Topic Last Modified: 2005-04-20

When you deploy RPC over HTTP in your corporate environment, you have several deployment strategies available for positioning your RPC proxy server and firewalls. The recommended deployment strategy for your messaging environment is to deploy an advanced firewall server, such as Microsoft® Internet Security and Acceleration (ISA) Server 2000 with Service Pack 1 and Feature Pack 1 or later, in the perimeter network. Then position your RPC proxy server in the corporate network and use the Exchange front-end and back-end server architecture.

noteNote:
When you use ISA Server as your advanced firewall server, you have several deployment options. These options are explained in the following sections. For information about how to install ISA Server as an advanced firewall server, see Using ISA Server 2004 with Exchange Server 2003 (http://go.microsoft.com/fwlink/?LinkId=42243).

By using ISA Server in the perimeter network to route RPC over HTTP requests and positioning the Exchange front-end server in the corporate network, you need to open only port 443 on the internal firewall for Microsoft Office Outlook® 2003 clients to communicate with Exchange. The following figure shows this deployment scenario.

RPC over HTTP with ISA Server in perimeter network

When located in the perimeter network, ISA Server routes RPC over HTTP requests to the Exchange front-end server that is acting as an RPC proxy server.
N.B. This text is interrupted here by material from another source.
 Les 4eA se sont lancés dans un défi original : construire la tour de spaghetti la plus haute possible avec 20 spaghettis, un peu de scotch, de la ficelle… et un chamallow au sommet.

The RPC proxy server then communicates over specific ports to other servers that use RPC over HTTP.

noteNote:
If your firewalls are configured to allow access only to specific virtual directories, you must specifically allow access to the /rpc virtual directory that is created when you install the Microsoft Windows® RPC networking component.
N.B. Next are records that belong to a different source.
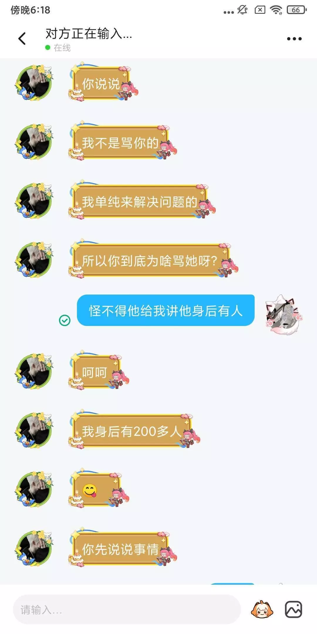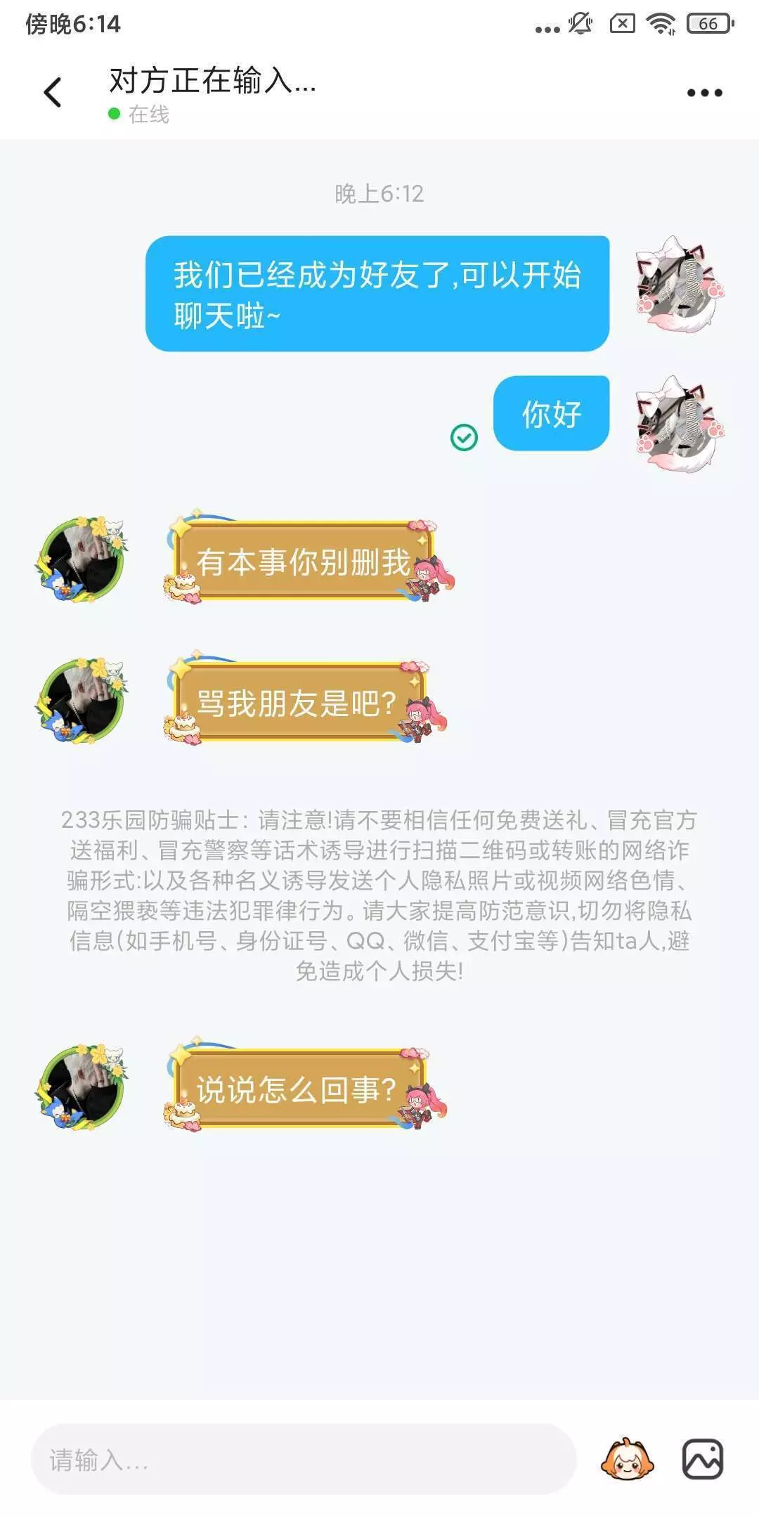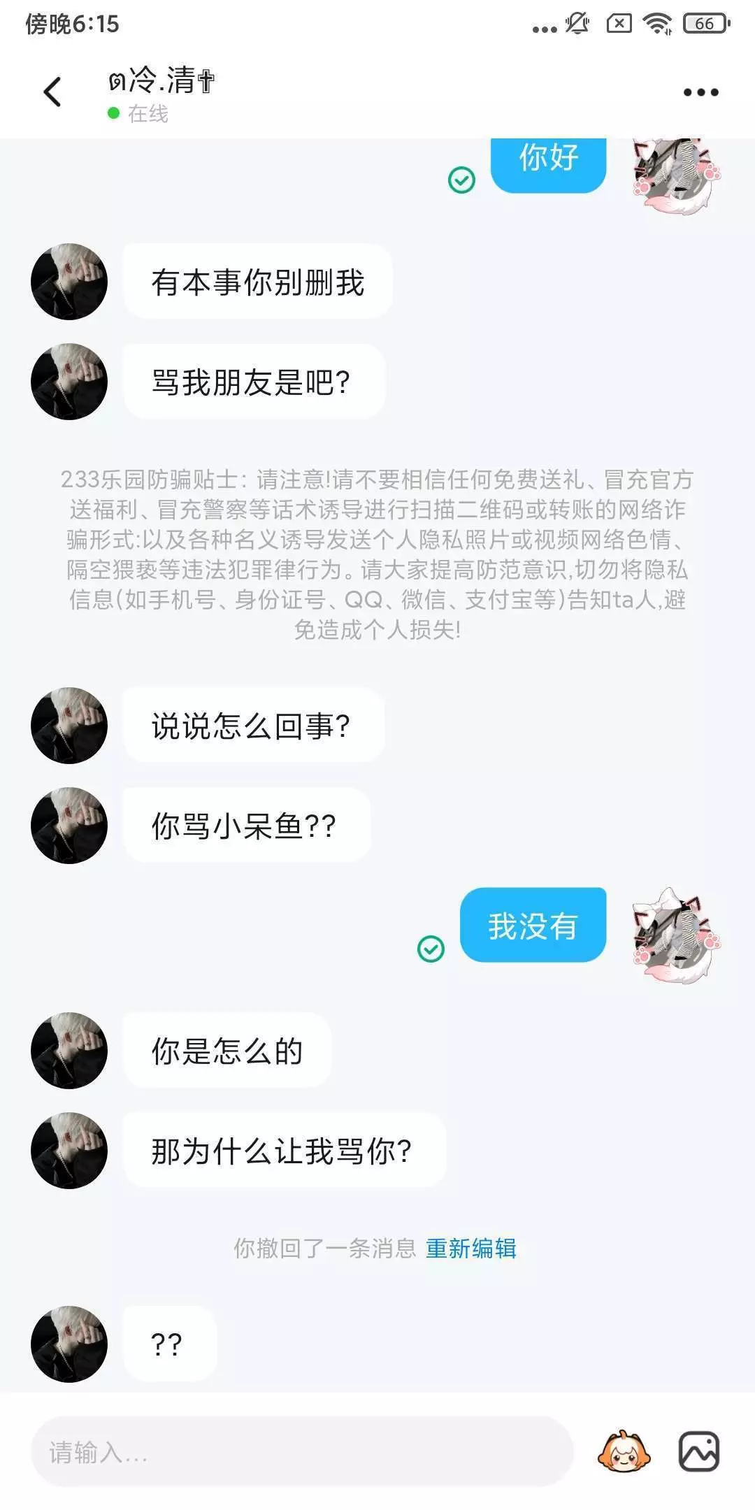 你们来看看这人,这人他有一个好友俩送我好友礼物,然后又然后那个人又说我好友骗他礼物了呀,然后他就叫他好友来加我好友骂了,我就想说一句,你不问清原因你就来骂人,你怎么能这样子呢?我跟你说我已经加你好友了,你给我等着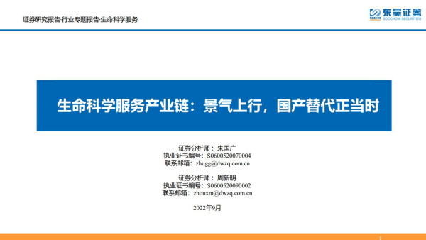 【东吴证券】【20220906】生命科学服务行业产业链:景气上行,国产替代正当时-66页 行业研究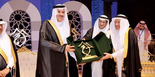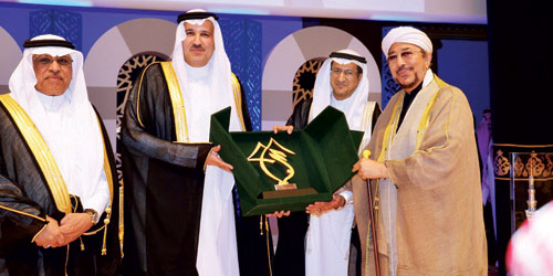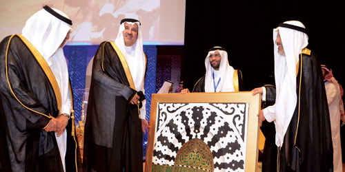 ثم كرّم صاحب السمو الملكي الأمير فيصل بن سلمان بن عبدالعزيز أمير منطقة المدينة المنورة، عمداء المعهد السابقين اللذين أسهموا في تطويره علمياً وبحثياً لتحقيق أهدافه، كما تسلّم سموه درعاً تذكارياً بهذه المناسبة.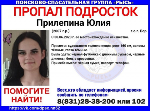 В день исчезновения девочка была одета в черный лонгслив, джинсы в тон и белые кроссовки, с собой взяла паспорт и мобильный телефон в черной сумке.

Although not recommended, you can position the Exchange Server 2003 front-end server acting as the RPC proxy server inside the perimeter network. For details about placing an Exchange front-end server in a perimeter network, see the topic "Scenarios for Deploying Front-End and Back-End Topology" in Exchange Server 2003 and Exchange 2000 Server Front-End and Back-End Topology (http://go.microsoft.com/fwlink/?LinkId=34216).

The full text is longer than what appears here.